- Required action -
Leave the images out. Give every line below again, precisely.

- The data -
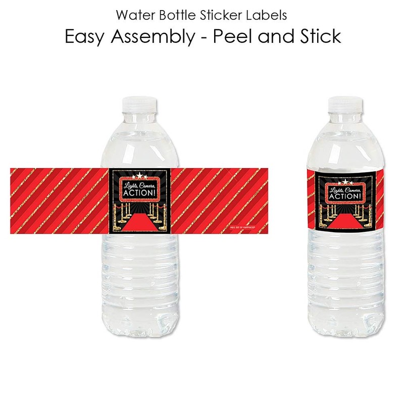 - HIGH QUALITY PARTY SUPPLIES: Red Carpet Hollywood water bottle labels are professionally printed on a sticker paper with a glossy coating. They are waterproof and can be used on beverages that will be chilled, just be sure to apply prior to chilling. Add them to a prom, homecoming, bachelorette or birthday party beverage bar for an impressive, coordinated display.
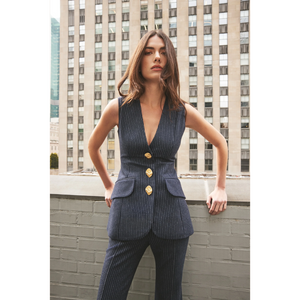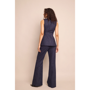 tristan pant, navy chalk stripe from CARA CARA. italian pinstriped fabric
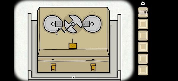 这个密码锁并不复杂,旋转左边的机关180°,右边的机关180°。

- Exercise answer -
 - HIGH QUALITY PARTY SUPPLIES: Red Carpet Hollywood water bottle labels are professionally printed on a sticker paper with a glossy coating. They are waterproof and can be used on beverages that will be chilled, just be sure to apply prior to chilling. Add them to a prom, homecoming, bachelorette or birthday party beverage bar for an impressive, coordinated display.
 tristan pant, navy chalk stripe from CARA CARA. italian pinstriped fabric
 这个密码锁并不复杂,旋转左边的机关180°,右边的机关180°。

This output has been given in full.